The cost of binding shaders may not be trivial, but it's not going to be your bottleneck unless you're rendering thousands of items without batching all the objects that use the same shaders.
Though I'm not sure if this applies to mobile devices, but GPUs aren't horrendously slow with branches if the condition is between a constant and a uniform. Both are valid, both have been used in the past an will continue to be used in the future, pick whichever one you think would be cleaner in your case.
Additionally, there are a few other ways to accomplish this: "Uber-shaders" and a little trickery with the way OpenGL shader programs are linked.

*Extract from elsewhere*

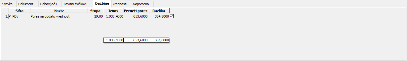 - "Dažbine:" - iznos obračunatog PDV-a prema PDV stopi unetoj u polje Tarifa.
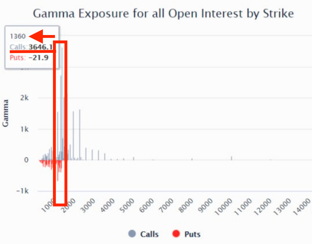 The $1,360 strike and the one just less than it for ETH were deemed to have the highest risk. Which means as price approached these strikes, the entities needing to adjust their portfolios ended up driving the price higher.

"Uber-shaders" are essentially the first choice, minus the branching, but you'll have multiple shaders. Instead of using if
statements, you use the preprocessor - #define
, #ifdef
, #else
, #endif
, and compile different versions, including the proper #define
s for what you need.
vec4 color;
#ifdef PER_VERTEX_COLOR
color = in_color;
#else
color = obj_color;
#endif
You can also break the shader up into separate functions. Have one shader that defines prototypes for all the functions and calls them, link a bunch of extra shaders that include the proper implementations. I've used this trick for shadow mapping, to make it easy to swap out how filtering is done on all objects without having to modify all the shaders.
//ins, outs, uniforms
float getShadowCoefficient();
void main()
{
//shading stuff goes here
gl_FragColor = color * getShadowCoefficient();
}
Then, I could have multiple other shader files that define getShadowCoefficient()
, the necessary uniforms, and nothing else. For example, shadow_none.glsl
contains:
float getShadowCoefficient()
{
return 1;
}
And shadow_simple.glsl
contains (simplified from my shader that implements CSMs):
in vec4 eye_position;
uniform sampler2DShadow shad_tex;
uniform mat4 shad_mat;
float getShadowCoefficient()
{
vec4 shad_coord = shad_mat * eye_position;
return texture(shad_tex, shad_coord).x;
}
And you could simply choose whether you wanted shading or not by linking a different shadow_*
shader. This solution may very well have more overhead, but I'd like to think that the GLSL compiler is good enough to optimize away any extra overhead compared to other ways of doing this. I haven't ran any tests on this, but it's is the way I like to do it.